»»

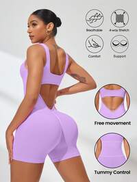 SlayformVestido deportivo de verano para mujer, esencial para yoga al aire libre, running, pilates, ir al trabajo, citas, playa, con diseño cómodo, elástico y sexy, de manga corta, espalda descubierta, control de abdomen, levantamiento y moldeado de la cintura, vigor juvenil #1 Más vendidos
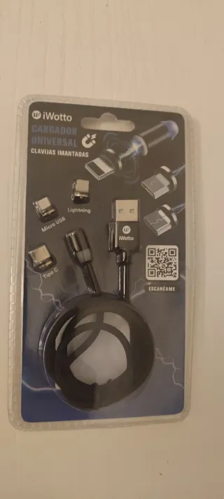 Este cargador universal de iWotto cuenta con clavijas imantadas para una conexión sencilla y segura. - Incluye clavijas Micro USB, Lightning y Tipo C. - Diseño magnético para mayor comodidad.
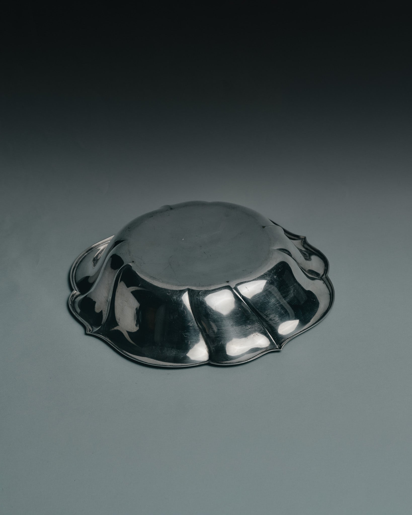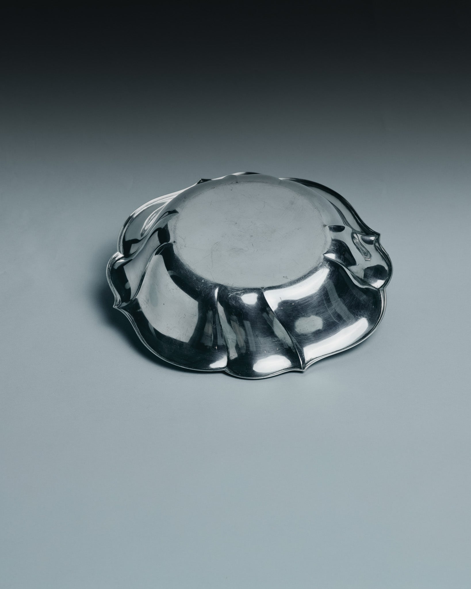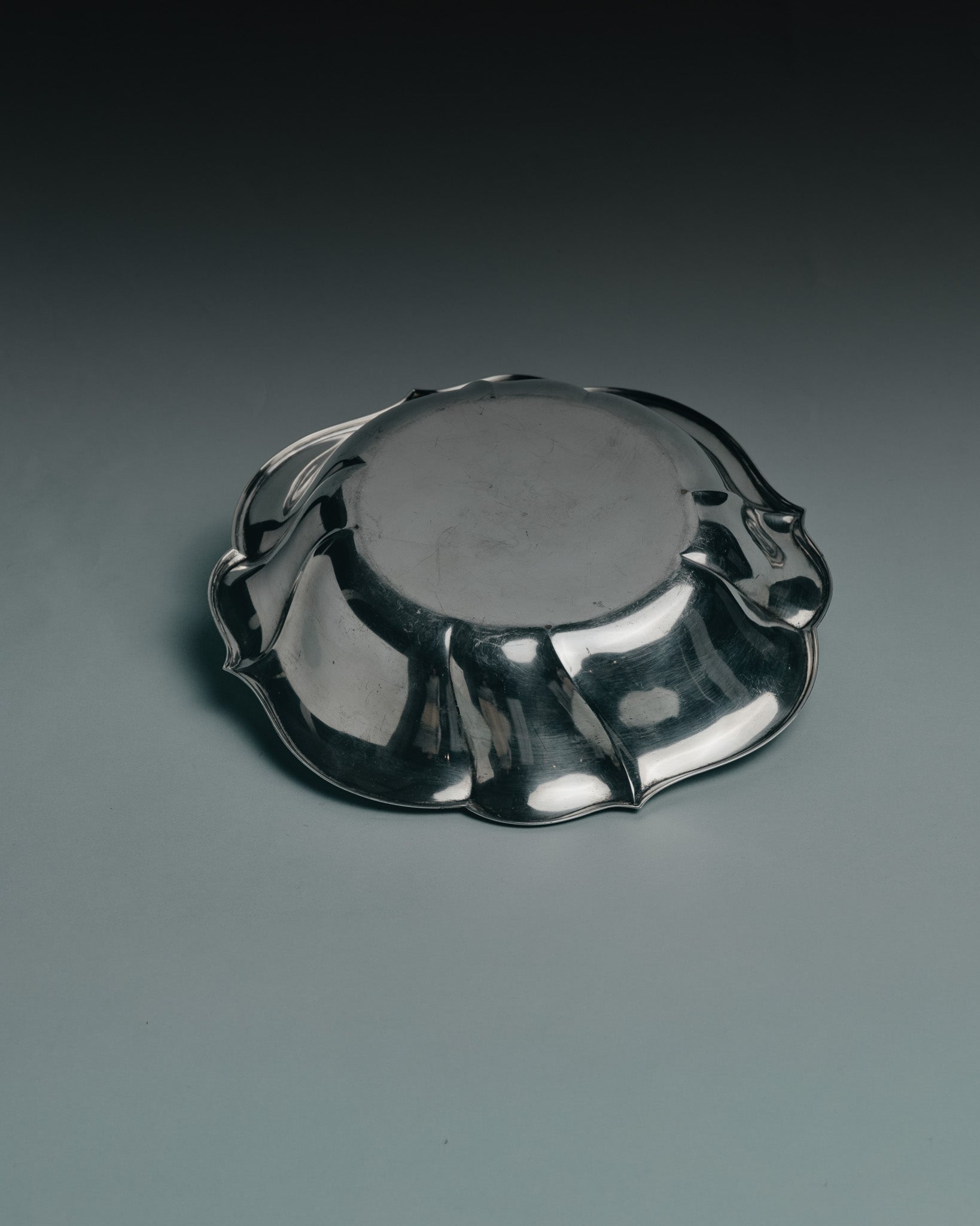 Silver-plated metal bowl with a wavy rim typical of 1960s silversmith work. Its wide, deep shape provides an ideal capacity for water or food for a large dog. In good overall condition, with signs of wear consistent with its age.
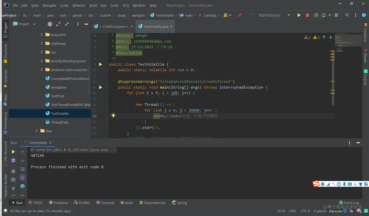 public static volatile AtomicInteger num = new AtomicInteger();
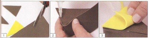Comece cortando o molde e unindo ele com cola instantânea. Primeiro faça isso com a parte marrom e depois use o amarelo que é a cobertura.
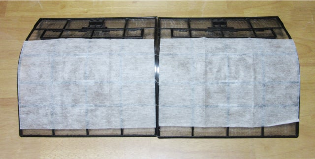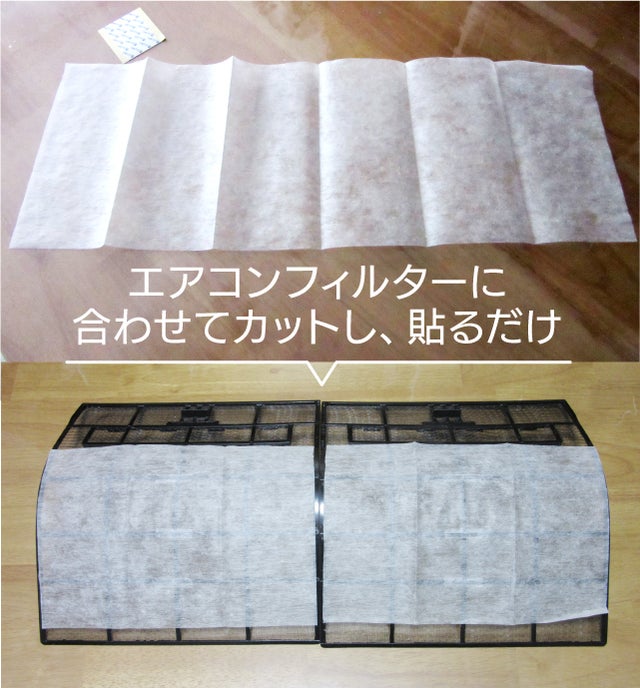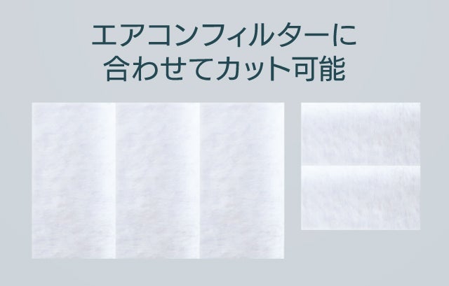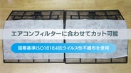 ご使用のエアコンのフィルターサイズに【OTiO抗ウィルスエアーフィルター】をカットし、付属のシールでは貼るだけです。
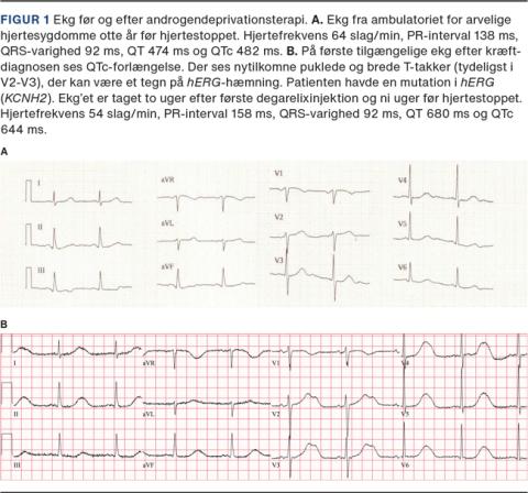 Prostatakræft er en af de mest almindelige kræfttyper blandt mænd, og ved metastasering er kemisk kastrering ved hjælp af androgendeprivationsterapi central i behandlingen [1]. Visse af disse præparater kan øge varigheden af QT-intervallet [2]. Langt QT-syndrom (LQTS) er en sjælden, arvelig hjertesygdom, men mandlige patienter med LQTS vil fra tid til anden blive diagnosticeret med metastatisk prostatakræft. I disse tilfælde er det vigtigt at være opmærksom på risikoen for yderligere QT-forlængelse og dermed øget risiko for letale arytmier [3].

««

What you should do:
Please give again, exactly and only, the lines from the top of the listing above through the line that has "public static volatile", with pictures left out.

Task result:
 SlayformVestido deportivo de verano para mujer, esencial para yoga al aire libre, running, pilates, ir al trabajo, citas, playa, con diseño cómodo, elástico y sexy, de manga corta, espalda descubierta, control de abdomen, levantamiento y moldeado de la cintura, vigor juvenil #1 Más vendidos
 Este cargador universal de iWotto cuenta con clavijas imantadas para una conexión sencilla y segura. - Incluye clavijas Micro USB, Lightning y Tipo C. - Diseño magnético para mayor comodidad.
 Silver-plated metal bowl with a wavy rim typical of 1960s silversmith work. Its wide, deep shape provides an ideal capacity for water or food for a large dog. In good overall condition, with signs of wear consistent with its age.
 public static volatile AtomicInteger num = new AtomicInteger();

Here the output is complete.